Being a future historian will be so fucking cool now that we have the internet, they'll be able to get so much more precise. The internet is basically a blockchain of history if you have the data and know what to look for.
>>16826479The craziest thing I think future historians will find is this 100+ year period where we used soft plastics and lead to catch fish. I'm not going to give up a texas rig to catch bass. It works. But I'm leaving lead weights and soft plastics bits in the sedememtary levels of every lake I fish in.
>>16826482Continuous detailed data on all civilization metrics combined with everyone's DMs will basically map out most notable events down to a very fine resolution.
>>16826484Bruh most of the world can't even find all the times fauci said the vax works and he totally didn't do any gain of function research. You really think the Internet is going to be any more useful than the Bible as history research?
>>16826485I don't care about troglodytes who can't use search engines. It'll probalby be done by AI as well.

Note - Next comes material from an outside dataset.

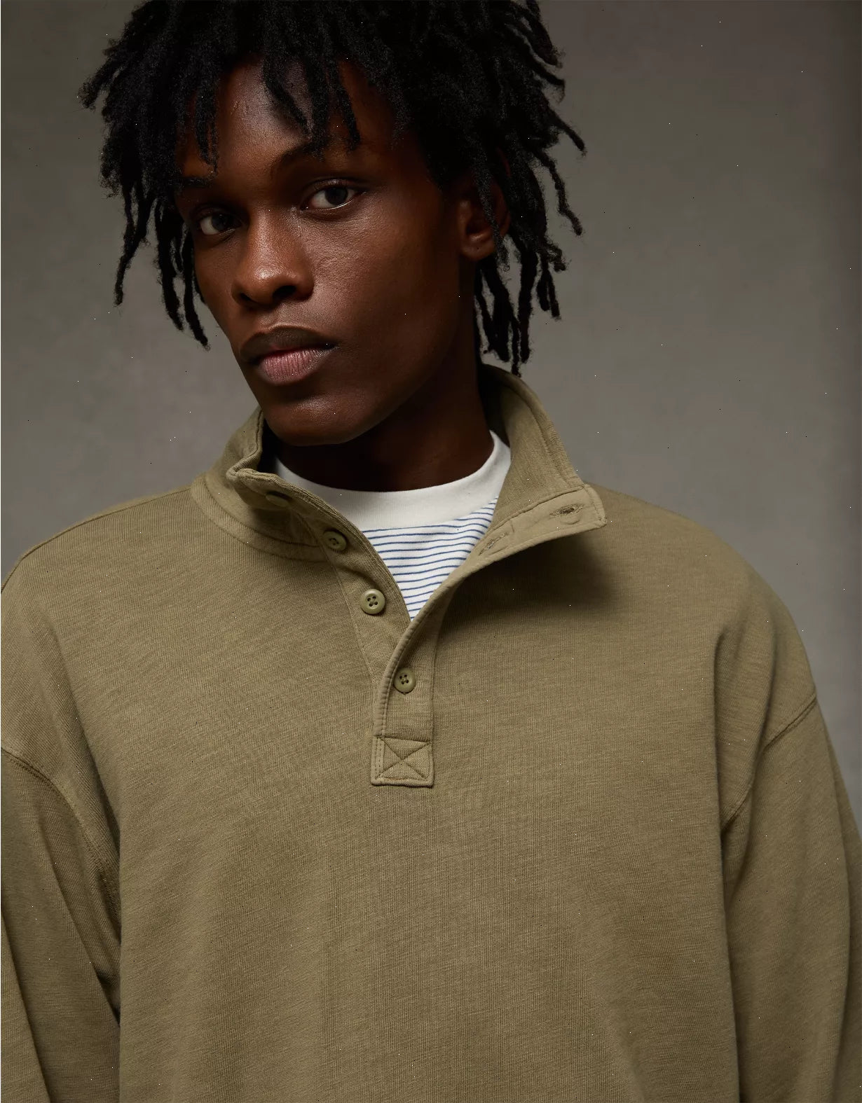 This long-sleeved tee is constructed from a heavyweight cotton slub jersey and features a button-up mock neck for extra cozy. Designed to be a second layer over a short-sleeve tee.

You're so fucking stupid it's actually unbelievable.Most of the early internet is already gone.Internet historians NOW are at a loss.Things are routinely disappeared even from the archive which utilizes a webscraper.A CME could erase fucking everything. All electronic records, except for a very few which happen to be specially insulated, completely gone.Future historians will consider this to be a dark age where they don't know what the fuck happened because barely any records survived.Because nobody is preserving books, we don't carve in stone or etch clay, its all electronic. These systems decay, flashdrives have a short shelf life, if there's no electricity they cannot be read.
>>16826479You must have never read 1984. The internet is going to be, in a matter of at most two decades, the death of any unadulterated information. Historians will be as able to retrieve good data (not manipulated by fat American/Israeli/Arab/European hands) from the internet as they are able to find new books in the Library of Alexandria.If you're too dumb to understand: imagine all books were digital and google had the pdfs on their server. That's literally what's going to come
>>16827374I like vellum, difficult to forge lasts a thousand years or more if properly stored
For me, it's glass cubes encoded with a laser that creates burst micro cavities in three dimensions with it's focal point adjusted for refraction.You can then scan these cubes and decode the message written inside it.They'll last effectively forever, and would be trivial for a civilization with high enough tech to read supposing there were a key of some sort preserved.

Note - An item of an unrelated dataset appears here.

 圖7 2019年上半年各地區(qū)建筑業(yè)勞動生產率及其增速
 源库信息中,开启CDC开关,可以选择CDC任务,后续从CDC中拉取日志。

>>16826479>The internet is basically a blockchain of history if you have the data and know what to look for.No, most of the data on the internet is not widely distributed and checked by a bunch of other independent servers, its held on random individual servers often with no real longterm backup themselves due to the transient nature of the data being passed around, so its nothing like a blockchain which is why we don't have the data anymore, so there is nowhere to look.